Driving change in fleet management
Environmental concerns are changing in the role of the fleet manager. But tighter emissions laws, tax schemes and safety regulation could provide an opportunity rather than a threat, says Paul Harrop
The CO2 emissions-based Benefit in Kind (BIK) company car tax reforms, introduced in 2002, have had a fundamental effect on diversifying the profile of company fleets.
Employees finding themselves financially penalised were attracted towards cash-for-car options to reduce their BIK liability. So fleet administrators are frequently tasked with the management of both company cars and employees driving their own vehicles for work.
As companies introduce further initiatives to reduce the environmental impact of their operations, fleet administrators may become involved in other areas of travel management.

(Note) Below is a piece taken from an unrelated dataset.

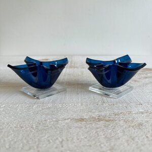 Vintage Cobalt Blue Hard Plastic Formed Candlestick Holders

Since 2002, company car tax has been based on the list price of the car, its options and its recorded CO2 emissions. The previous system was perceived to encourage more miles to be driven on business in order to gain tax benefits.
Tax is calculated a sliding scale. There are exemptions and adjustments for vehicles using, for instance, biofuel. But, as a general rule, every company car driver has incurred a liability in 1% increments of between 15% and 35%.
The lowest threshold of 15% has been applied to progressively reduced CO2 emission levels, namely:
- 2002/03 165g/km
- 2003/04 155g/km
- 2004/05 145g/km
- 2005/06 140g/km
From April 6, 2008, the government is introducing a 10% banding for BIK tax for vehicles with the lowest levels of CO2. The new band for the tax year 2008/09 will cover vehicles emitting CO2 at 120g/km or less.
HM Revenue & Customs (HMRC) also stipulates that hybrid and bi-fuel cars with CO2 emissions up to and including 120g/km will be taxed at 10% and not be subject to further discount. Those with higher fuel emissions will be subject to the current discounts. Electric cars will retain a 9% rate.
The new reduction is another step by government to persuade company fleets and employee drivers to reduce CO2 emissions.
Companies moving towards greener fleets need to plan carefully to establish the practicalities of change, its financial outcomes and effect on HR strategies. Getting strategies right helps companies meet environmental objectives by reducing fuel consumption, savings excise duty and national insurance, and reducing drivers' BIK liability.
Significant savings on the congestion charge can also be achieved for businesses whose employees frequently drive into central London. Account should be taken of vehicle emission charges that, according to Transport for London, several boroughs plan to introduce by 2010.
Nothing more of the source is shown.